Now you can generate the numbers you want.

proc sort;
  by parents cid;
run;

data want;
  set want;
  by parents ;
  order+1;
  if first.parents then order=1;
run;

And then again use a HASH to get the order numbers of the parents of the current node.

data numbered ;
  set want;
  if _n_=1 then do;
    declare hash h(dataset:'want');
    h.definekey('cid');
    h.definedata('order');
    h.definedone();
  end;
  array c[&md];
  c[depth]=order;
  do i=depth+1 to &md;
    c[i]=0;
  end;
  do i=1 to depth-1;
    h.find(key:scan(parents,i,'|'));
    c[i]=order;
  end;
  drop i;
  length sort_name $20 sort_index $30 ;
  sort_name=substr(repeat('A0'x,depth)||cid,3);
  sort_index=catx('.',of c[*]);
run;
proc sort;
  by sort_index;
run;

Result:

Hi Tom,

The final table really starts to look like it!

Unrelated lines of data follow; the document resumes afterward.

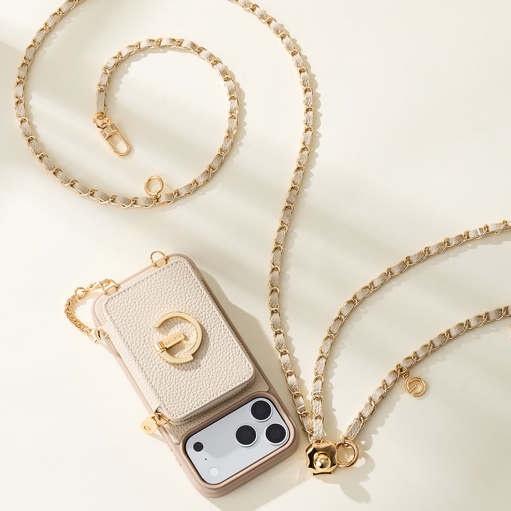 アリュールチェーンシリーズ - ストラップ付きマグネット式ウォレットフォンケース(フィンガーホルダー付き)
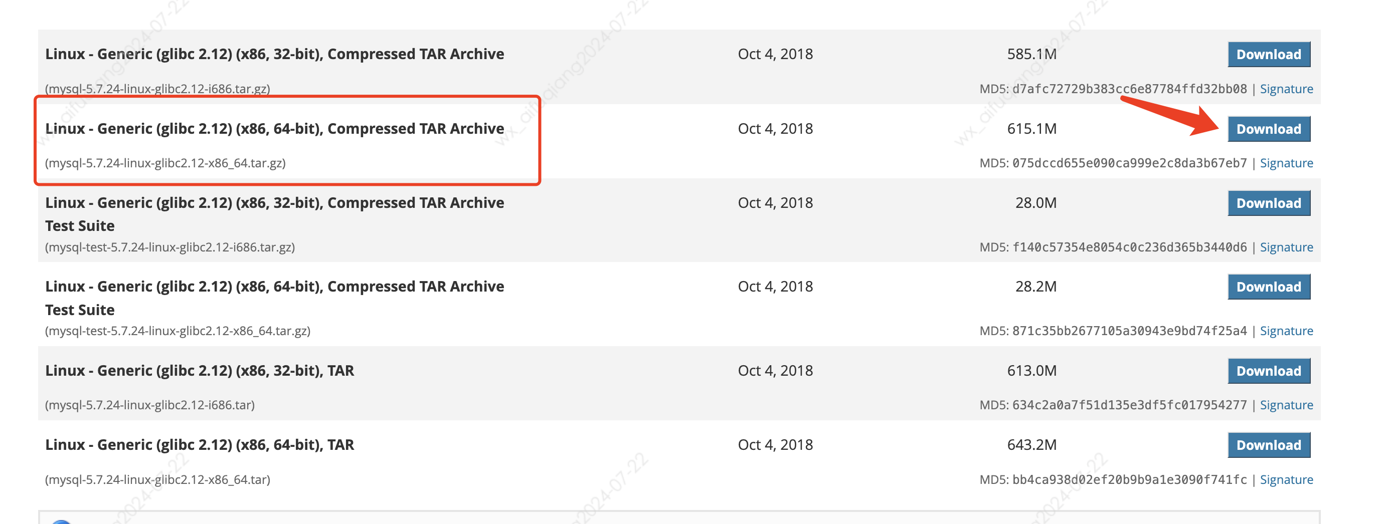 1.可以去官方网站链接: downloads.mysql.com/archives/co… ,下载mysql-5.7.24-linux-glibc2.12-x86_64.tar压缩包。
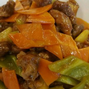 胡萝卜断生 下水淀粉勾芡 料汁粘稠下肉翻炒让汁裹均匀 盛出 完成
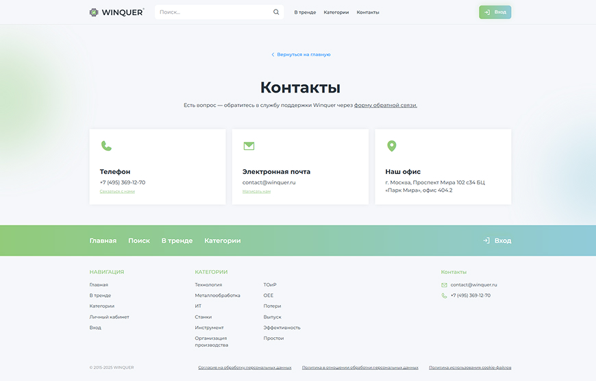 Страница «Контакты» |
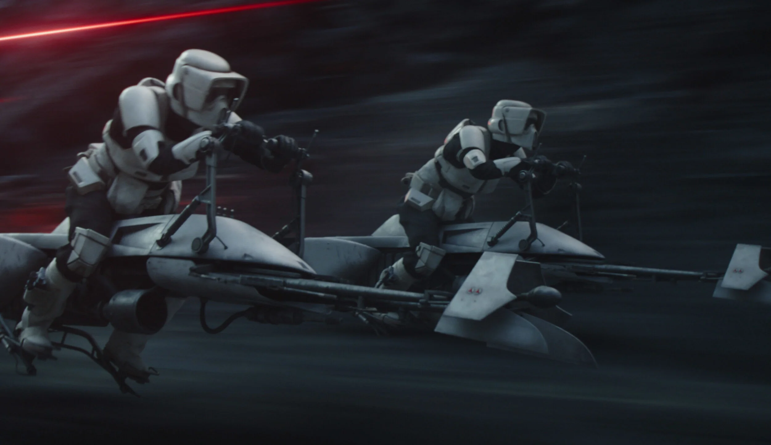They end up being chased down by a group of Stormtroopers on speeder bikes through some canyons, with Karga hopping on a big ass gun transport where he proceeds to blast one of the Stormtroopers who was on their tail. The others raced ahead out of range of the transport blaster.
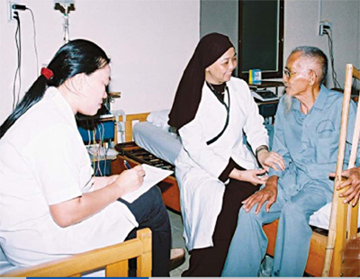 Ni sư - BS. Liên Thanh đang khám bệnh cho người già neo đơn tại PKĐK Long Bửu.
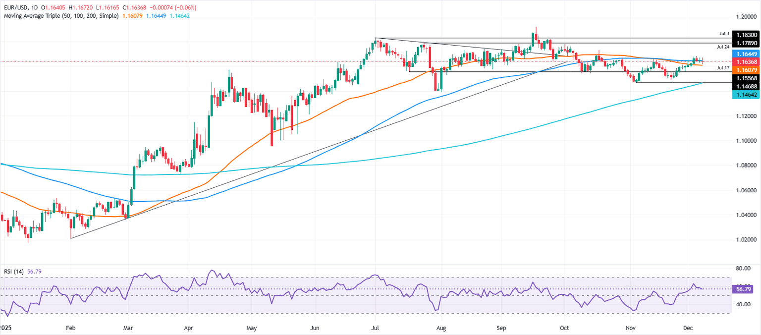 El EUR/USD se desliza un 0,05% al comenzar la semana, gracias a la fortaleza general del Dólar estadounidense, en medio de un comercio agitado mientras los operadores se preparan para la decisión de política monetaria de la Reserva Federal. Al momento de escribir, el par se negocia a 1.1637 después de alcanzar un máximo diario de 1.1672.
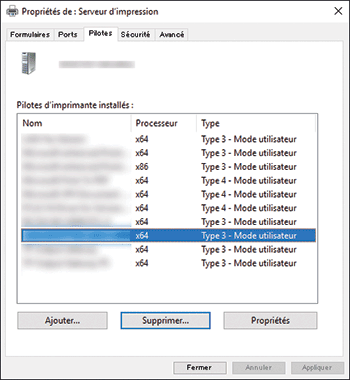 Supprimer un pilote d'impression
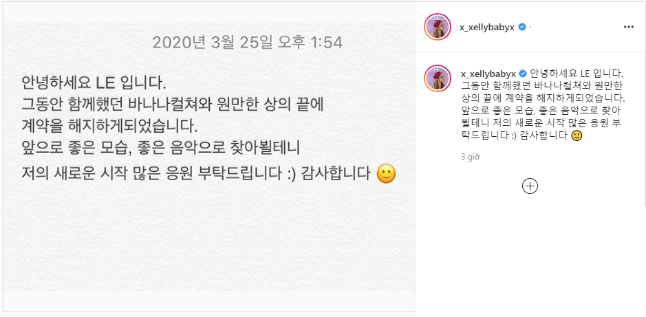 Mới đây, LE đã đích thân thông báo với người hâm mộ về quyết định rời Banana Culture của mình lên instagram chính thức, cô viết: “Xin chào. Đây là LE. Sau một vài cuộc thảo luận, tôi đã đi đến một quyết định với Banana Culture để chấm dứt hợp đồng. Tôi sẽ sớm trở lại với một hình ảnh tốt nhất và âm nhạc hay nhất, vì vậy xin tiếp tục gửi lời động viên đến sự khởi đầu mới của tôi . Cảm ơn các bạn.” Như vậy, tất cả thành viên EXID đều đã rời Banana Culture.
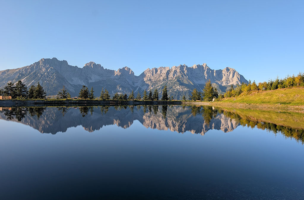 Ein Spaziergang zum Astbergsee oberhalb der jezz Alm führt in eine zauberhafte Welt. Die glatte Wasseroberfläche spiegelt Himmel und Berggipfel, während sanfte Wellen das Licht spielen lassen – ein stiller, magischer Moment zum Verweilen und Träumen.
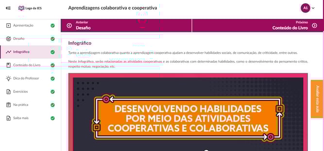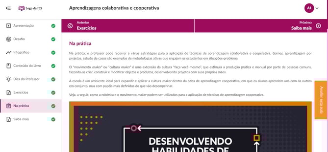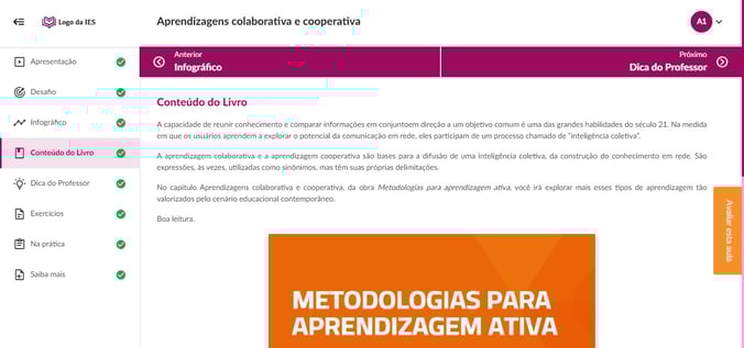 Primeiramente, é por meio do texto introdutório que o aluno entende quais os temas serão abordados na unidade. Também fica a par dos Objetivos de Aprendizagem, os quais delimitam as competências a serem atingidas ao final da UA. Estes são criados com verbos de ação, a partir da Taxonomia de Bloom.

You cannot understand how much I appreciate your help!

I figured out how to get it running so far, I will post it here for reference:

data have;
input cid $ parent_cid $;
cards;
a .
b a
c b
h c
d a
e .
f .
g f
run;


data want;
* Load the cid->parent_cid mapping into a hash ;
  if _n_=1 then do;
    declare hash h(dataset:'have');
    h.definekey('cid');
    h.definedata('parent_cid');
    h.definedone();
  end;
* Load next CID value ;
  set have ;
  length parents $20;
* Find their parents ;
  do depth=1 by 1 until(h.find(key:parent_cid));
    parents=catx('|',parent_cid,parents);
  end;
  keep cid parents depth ;
run;


proc sort;
  by parents cid;
run;

data want;
  set want;
  by parents ;
  order+1;
  if first.parents then order=1;
run;

* find how many levels will be needed ;
proc sql noprint;
  select max(depth) into :md trimmed from want;
quit;

data numbered ;
  set want;
  if _n_=1 then do;
    declare hash h(dataset:'want');
    h.definekey('cid');
    h.definedata('order');
    h.definedone();
  end;
  array c[&md];
  c[depth]=order;
  do i=depth+1 to &md;
    c[i]=0;
  end;
  do i=1 to depth-1;
    h.find(key:scan(parents,i,'|'));
    c[i]=order;
  end;
  drop i;
  length sort_name $20 sort_index $30 ;
  sort_name=substr(repeat('A0'x,depth)||cid,3);
  sort_index=catx('.',of c[*]);
run;

proc sort;
  by sort_index;
run;

(how do you get the formatting of the code with colors as per your post?)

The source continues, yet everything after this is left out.